The Haitian Revolution developed first into a war for emancipation, then as a struggle over total control of the island between rival Haitian factions, and finally as a war for total independence from a now Napoleonic France. By 1804, this final goal was reached, and Jean-Jacques Dessalines, a prominent military leader of full African descent, was deemed Governor-General, and later Emperor of Haiti. Passionately recalling the countless acts of brutality committed by the white French plantation owners and military leaders both before and during the Revolution, Dessalines called for all whites remaining in Haiti to be put to be killed. Through the winter and spring of 1804, Haitian soldiers (often former slaves) under the personal supervision of Dessalines marched between Haiti’s cities and massacred up to 5,000 white civilians.
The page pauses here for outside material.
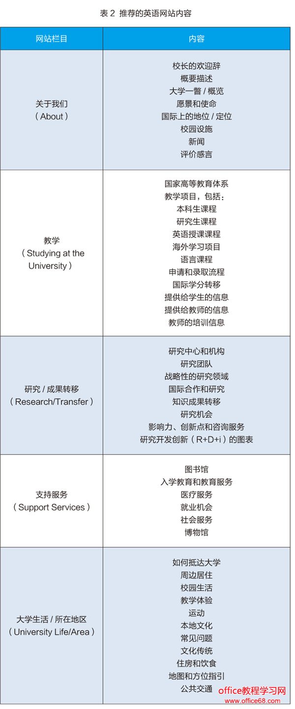 3.确保无障碍性 宾夕法尼亚大学(The University of Pennsylvania)的网站提供了满足网站内容无障碍指南(Web Content AccessibilityGuidelines,WCAG2.0)的窍门: 保持全网站导航一致;用户应当随时可以轻易地返回首页和其他主要的导航点; 将信息划分为明确定义的栏目; 在页面头(Page Headers)、菜单标签(Menu Labels)和页面地址(Web Address)上使用符合逻辑的命名规范; 确保所有的图片都包含有替代标记(ALT tag)以及宽高信息,以便将视觉信息的存在和内容告知给那些使用屏幕阅读软件的视觉障碍用户; 提供网站所有者的联系信息; 使用描述性语言来设置链接,而不是简单的“点击此处”,这样在脱离上下文时仍有意义; 理解和重视搜索能力和搜索引擎优化的重要性。 4.选用专业的翻译 如果高校决定要用另一种语言来提供网站内容,选用以此语言为母语的译员来翻译是很重要的,因为国际高等教育界是教育水平很高的受众。 同样,尽管英语是国际合作的通用语言,高校也可以提供其他语种的网站内容,如法语、汉语、葡萄牙语、德语,这取决于高校的地理位置和目标受众。 5.聚焦于关键栏目内容 最后,高校应当确保网站用英语(以及可能其他语言)为国际受众提供五个关键栏目:关于我们、教学、研究/成果转移、支持服务、大学生活/所在地区。表2展示了为每个栏目推荐的标准内容。

By April, Dessalines’ goal of a complete removal of whites was met, with the only full whites remaining in the country being women married into black families. The events of 1804 made slaveowners in other parts of the Americas–especially in the American South, where many surviving Haitian planters fled to–concerned about a similar event happening on their own plantations. As these white American or European leaders condemned what they viewed as barbarity, Haitian leadership defended the massacre as a necessary act of justice and retribution, an idea which persisted long after the last bullet had been shot.

From C.L.R. James’ 1938 historical account of the Haitian Revolution, The Black Jacobins

“The massacre of the whites was a tragedy; not for the whites…. for these there is no need to waste one tear or one drop of ink.”
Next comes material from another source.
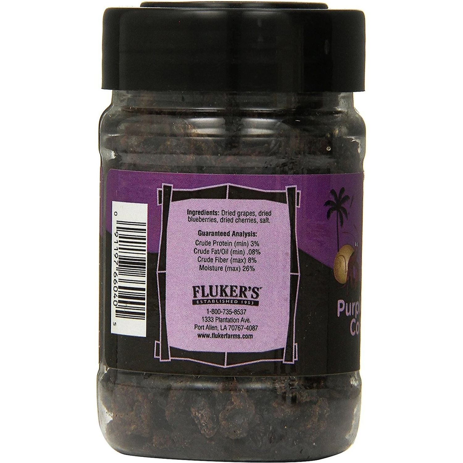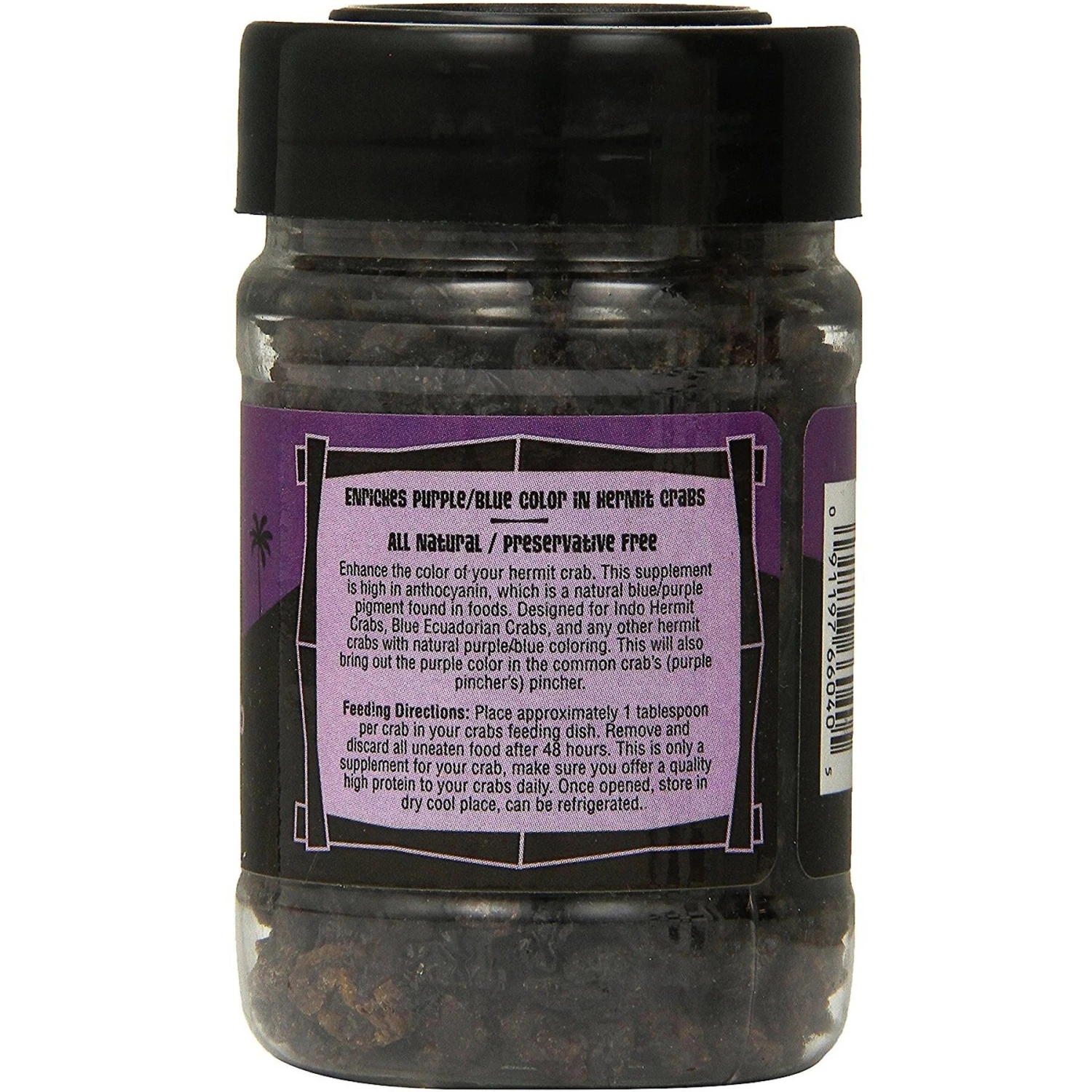 Fluker’s Purple Color Enhancer Hermit Crab Treats help bring out the brightest purple in your hermit crab’s coloration. These treats are high in anthocyanin, a natural blue/purple pigment found in blueberries, purple grapes, eggplant and cherries. They’re perfect for Indio hermit crabs, Blue Ecuadorian crabs and other hermit crabs with natural purple or blue coloring, and can also be used to enhance the purple color in the common crab’s legs. This is also great for use with invertebrates.

James and others sympathetic to Dessalines’ actions cite the generational cruelty inflicted by the whites on Saint-Domingue, the brutal, scorched earth tactics used by French forces during the Haitian Revolution, and the threat of counterrevolution, all as factors that ultimately justify the 1804 massacres. Regardless of what opinion they actually have, readers will certainly see how these factors are, to an extent, sufficient in justifying the actions of Dessalines and his men. What is more important, however, is recognizing how the core principles that justified in the 1804 Haiti Massacre are seen in instances of genocide whose evil and senselessness are seldom contested.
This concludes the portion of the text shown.